The sight slammed into her brain and she squeezed her eyes closed in horror, her breath catching in her chest. She shuddered and opened her eyes to stare at the macabre scene. Poor Christine hung in an awkward angle, her neck obviously broken. Instead of trying to make his victims look alive and in action like Stevie had managed, Mark’s victims looked terrified and bore the marks of multiple injuries with bruising, indicating they’d been inflicted while they were still alive.
Her hope that they’d find Christine alive, as they had Kathleen, died. Christine had most likely been killed soon after she hadn’t checked in the first time. Likely when Kathleen had been attacked. Damn it. They hadn’t even known. No one had gone to look for her. Had Mark been in this room the whole time – with Christine? While they were trying to save Kathleen?
Had she been alive long? Hoping someone would come and save her as they had Kathleen?
Grief choked Stacy. And anger. And hatred.
He shone the light around to show her several other women in unfortunate positions as he arranged them to suit him. Some were dressed, one was not. She didn’t recognize the woman, but she’d been arranged in a sexually explicit manner.

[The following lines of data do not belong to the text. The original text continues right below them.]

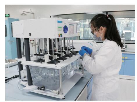 眾生睿創(chuàng)被黃埔區(qū)評(píng)為潛在獨(dú)角獸企業(yè),并入選首屆粵港澳大灣區(qū)新經(jīng)濟(jì)先鋒企業(yè) 50 強(qiáng)。圖為科研工作者在操作自動(dòng)取樣溶出儀。張玉榮 / 攝
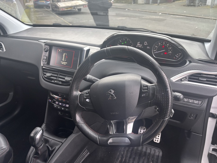 Peugeot 208 1.2 gt line small flat bottom steering bucket leather seats sat nav apple i play usb dab radio candy white car is truly amazing very good for a new driver quick little car reminds me of the old school gti may swap for a auto no shitters cash price £2000 quick sale my son has upgraded to a new car px price £2500
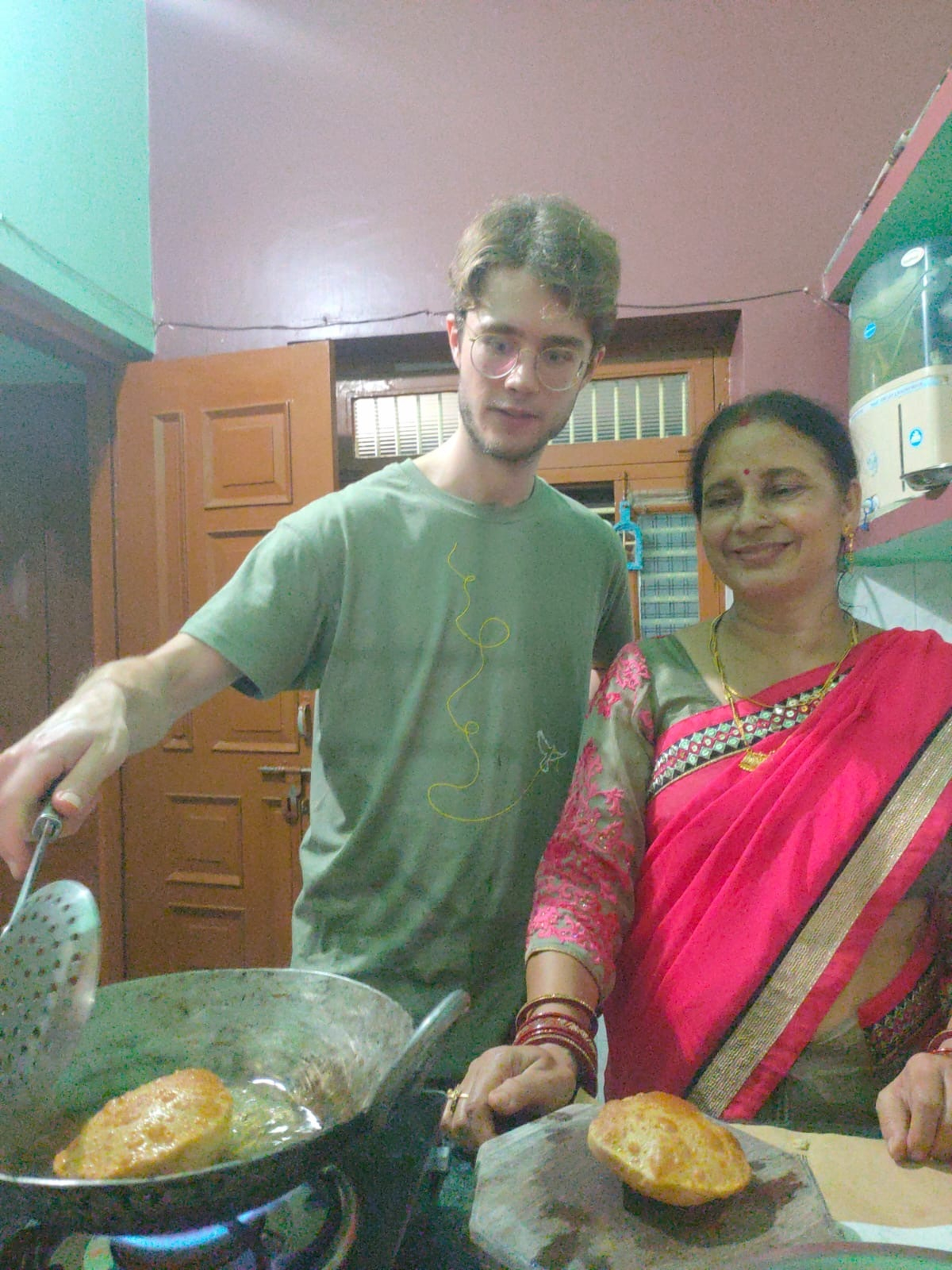 That weekend I went on the Vande Bharat to Bagaha, where I found Abhishek and his father. They drove me to his house. In no time, I had met his entire family, who were lovely. The person who fascinated me most was Abhishek’s grandfather, who was reading the Gita and other smriti books in a little shed in front of the house. He had given all this land that he had bought relatively cheaply from the Britishers, when they suddenly had to leave in 1947… Since he couldn’t pay everything in one go, he even still transferred money after they had long left (unimaginable now!). For several years now, he had fully devoted himself to God. The family and I cooked together, held pujas together, made flower rangolis, lit diyas, and much more. The hospitality was, in every sense, overwhelming.

“How many?” she asked in a hoarse voice, her eyes burning with unshed tears. So many women. They couldn’t have all come from here. There was no way. He had to have been picking them up from other locations and driving them here. Those poor women.
“I’m up to eleven now,” he said casually. “I planned several more for this piece. Of course, a couple weren’t quite right.” He shrugged. “I’d have kept Kathleen though. I had to do something when she saw me with the wine bottles. She wasn’t sure what she’d seen but once she mentioned it to George, I knew she had to go.”
Stacy closed her eyes, not wanting to know what he’d done with those discards.
Then she remembered the man they’d found. The one with the cowboy boot.
“Don’t tell me, the cowboy boots didn’t fit?”
Mark gave a bark of laughter. “Actually, I was considering another sculpture with men, but it didn’t feel right. I let him escape weeks ago. Figured he wouldn’t get far. His girlfriend now though…” he shone his light on a stunning redhead on the left, a very broken, doll-like redhead.
She choked back the questions bubbling up. So many victims. She didn’t want to know what this scene in front of her was supposed to represent – but knew it would have special meaning to Mark. It always did. She couldn’t see any theme or reason why the women were in these positions. And she didn’t want to know. All she wanted was to get the hell out of here and never come back. Ever.
“Even then,” Mark continued. “I haven’t kept all the women. I let Yvonne go, too. I hadn’t expected her to survive though.” He smirked. “Too bad she’s still alive. Although from what I hear, she’s not likely to make it anyway.”
Her stomach heaved. There shouldn’t have been anything left inside to eject, but it was proving her wrong. She bent over, collapsing to her knees as she vomited again.
“Oh gross. Not again.” Stevie danced backwards. “I’m going to have to get the shovel again and clean up.”
He disappeared, and she was grateful. She didn’t think she had much chance of getting out of here alive, but if she messed up their display, she’d at least have accomplished something.
Gasping for breath, she asked in a low voice, “Is there water?”
A bottle was thrust into her hand and she took a drink, then rinsed her mouth.
“I gather you don’t appreciate our work,” Mark said, a rough edge to his voice.
“It’s a bit much to take in all at once.”
“Isn’t it though?” He kicked some snow over her acidic spewing. “Stevie? Where the hell are you with that damn shovel?”
“I guess it made it more fun to have a partner for all this.”